Segment Open

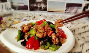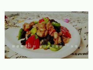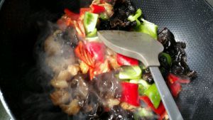 放入肥肠,青红椒,木耳。翻炒几下即可。
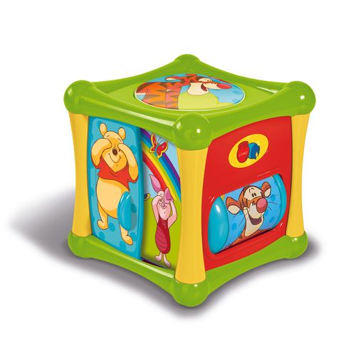 Plastikowa, kolorowa kostka, wiele różnych aktywności z każdej strony -turlanie, wciskanie, wyciąganie, 10 cm, 12m+
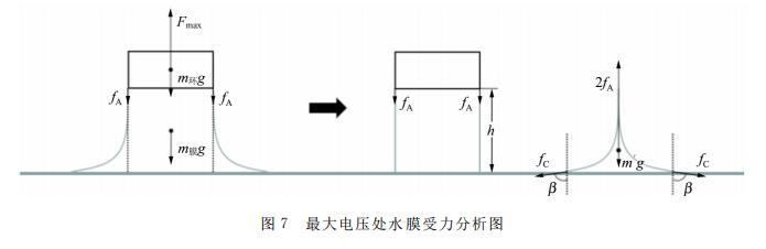 采用隔離法,對(duì)電壓最大值處的水膜進(jìn)行受力分析。圖7中虛線將水膜分成2部分,吊環(huán)正下方的水膜由于水分子相互吸引力附加在拉力Fmax中,而另一部分水膜的重力m′g,與2fA以及水膜與液面處的表面張力2fCcosβ,三者形成平衡狀態(tài),即受力分析與水膜斷裂時(shí)[圖1(d)]m2的受力相似。所以計(jì)算水膜的重力僅僅需要考慮吊環(huán)正下方的重力即可。另外,電壓最大值處的水膜穩(wěn)定性最好,拉升高度h容易測(cè)量。對(duì)于尺寸較小的吊環(huán)(πd?=78.2 mm),電壓最大值處,水膜的內(nèi)表面沒(méi)有連接在一起,仍然與液體表面接觸良好,所以測(cè)量的誤差也較小(Eα1=3.9%)。但是對(duì)于特別小的吊環(huán)(πd?=57.4 mm),水膜的內(nèi)表面連接在一起,其表面張力系數(shù)明顯偏小。
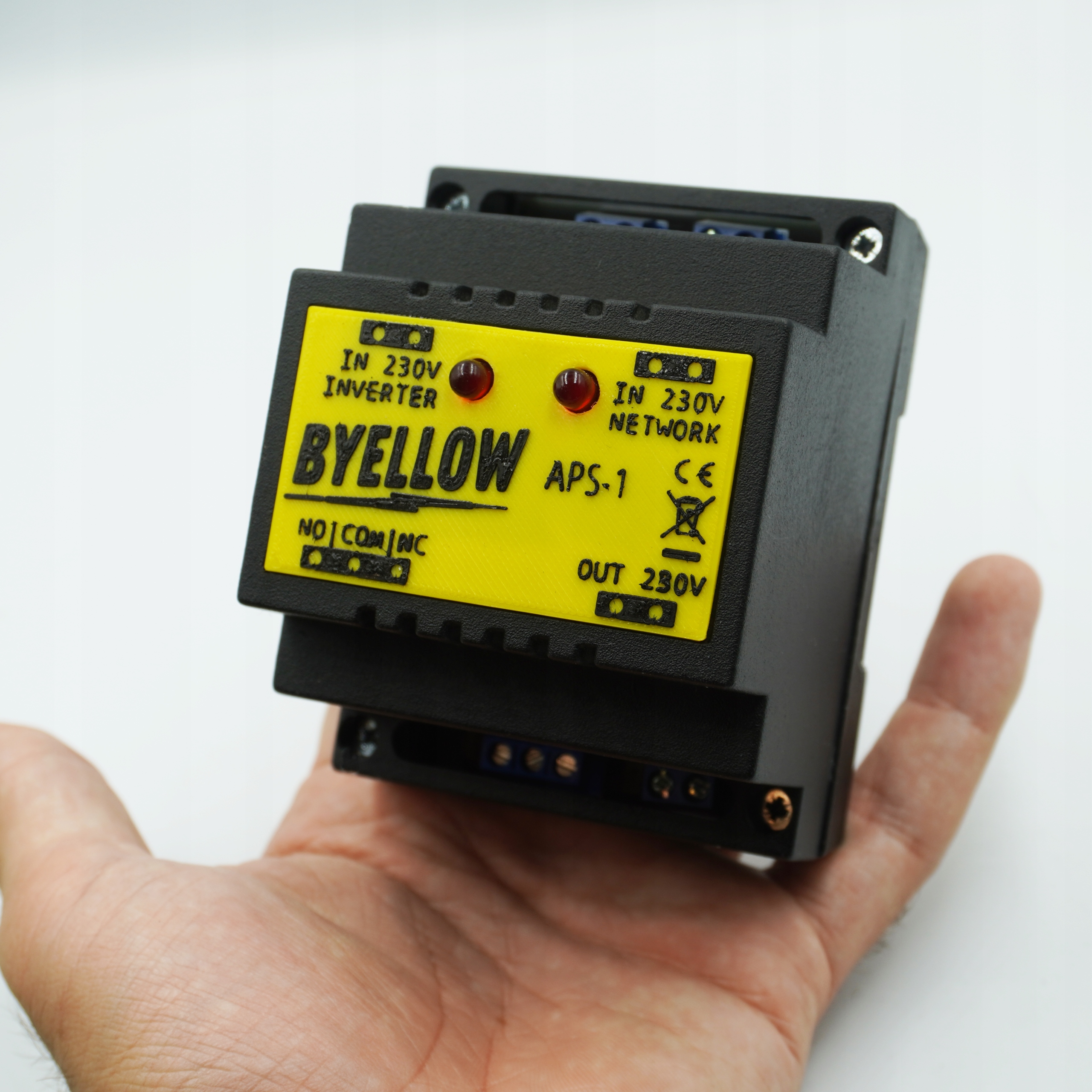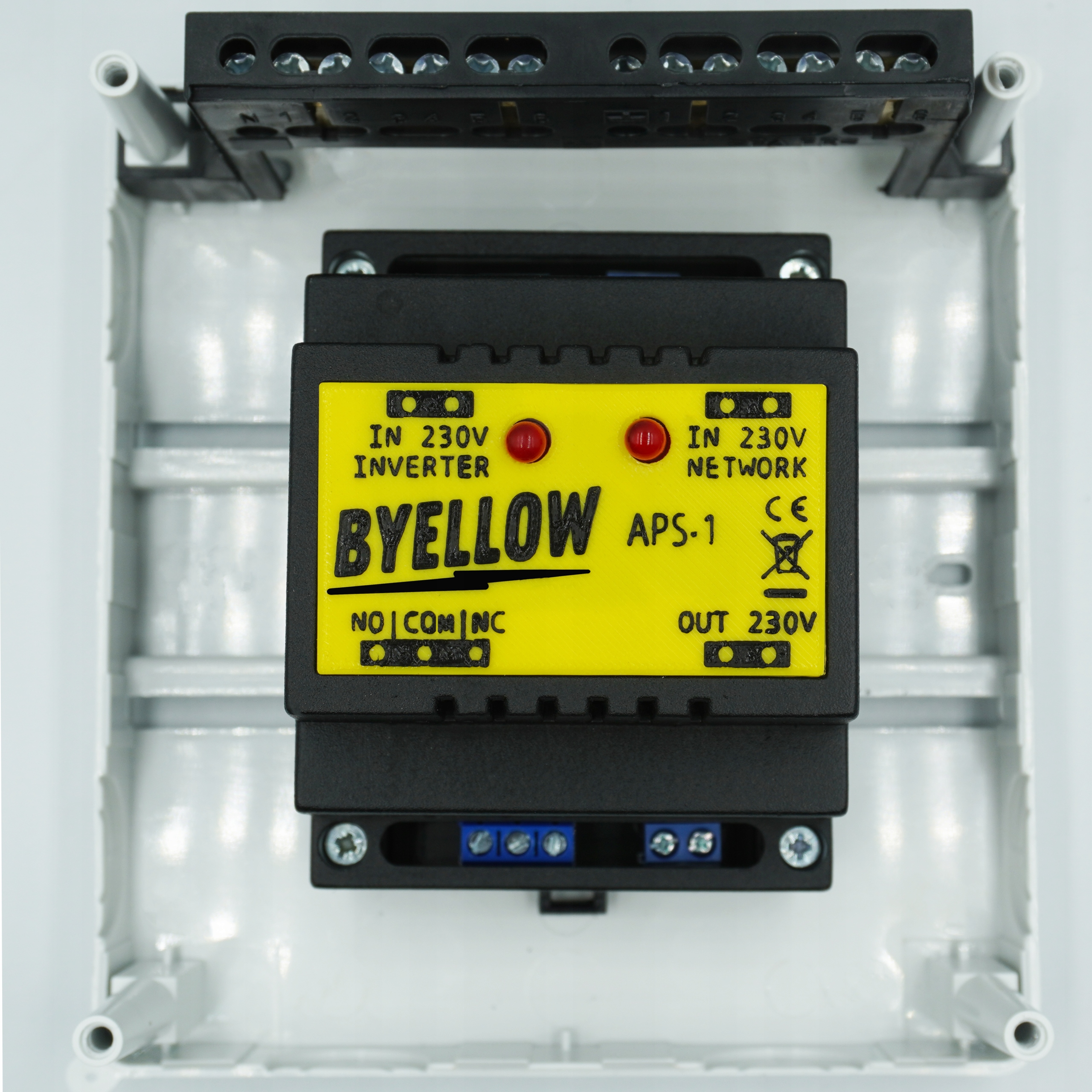 BYellow APS-1 (автоматичний вимикач живлення) — незамінний пристрій для тих, хто використовує альтернативні джерела енергії, такі як сонячні батареї, вітрові електростанції тощо.
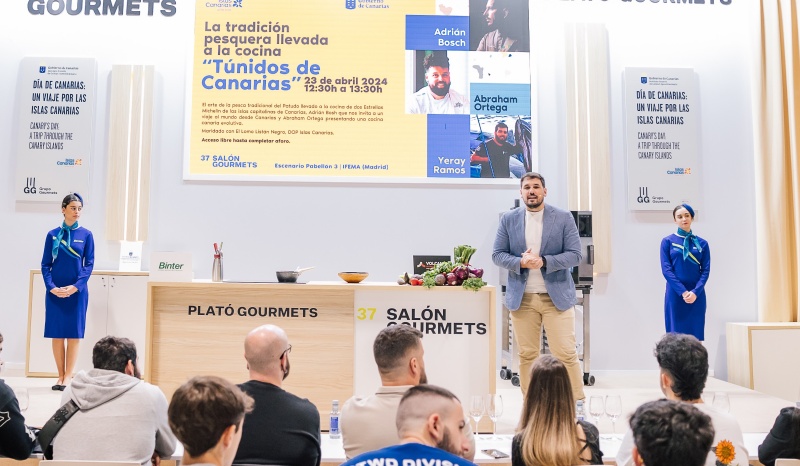 Los viajeros del vuelo en el que se trasladaron los chefs y productos que se mostrarán en la feria fueron sorprendidos con una degustación de bollo gomero

Segment Closed

§ Problem to solve
The pictures in the entries should be left out; output everything else exactly.

§ Written reply
 放入肥肠,青红椒,木耳。翻炒几下即可。
 Plastikowa, kolorowa kostka, wiele różnych aktywności z każdej strony -turlanie, wciskanie, wyciąganie, 10 cm, 12m+
 采用隔離法,對(duì)電壓最大值處的水膜進(jìn)行受力分析。圖7中虛線將水膜分成2部分,吊環(huán)正下方的水膜由于水分子相互吸引力附加在拉力Fmax中,而另一部分水膜的重力m′g,與2fA以及水膜與液面處的表面張力2fCcosβ,三者形成平衡狀態(tài),即受力分析與水膜斷裂時(shí)[圖1(d)]m2的受力相似。所以計(jì)算水膜的重力僅僅需要考慮吊環(huán)正下方的重力即可。另外,電壓最大值處的水膜穩(wěn)定性最好,拉升高度h容易測(cè)量。對(duì)于尺寸較小的吊環(huán)(πd?=78.2 mm),電壓最大值處,水膜的內(nèi)表面沒(méi)有連接在一起,仍然與液體表面接觸良好,所以測(cè)量的誤差也較小(Eα1=3.9%)。但是對(duì)于特別小的吊環(huán)(πd?=57.4 mm),水膜的內(nèi)表面連接在一起,其表面張力系數(shù)明顯偏小。
 BYellow APS-1 (автоматичний вимикач живлення) — незамінний пристрій для тих, хто використовує альтернативні джерела енергії, такі як сонячні батареї, вітрові електростанції тощо.
 Los viajeros del vuelo en el que se trasladaron los chefs y productos que se mostrarán en la feria fueron sorprendidos con una degustación de bollo gomero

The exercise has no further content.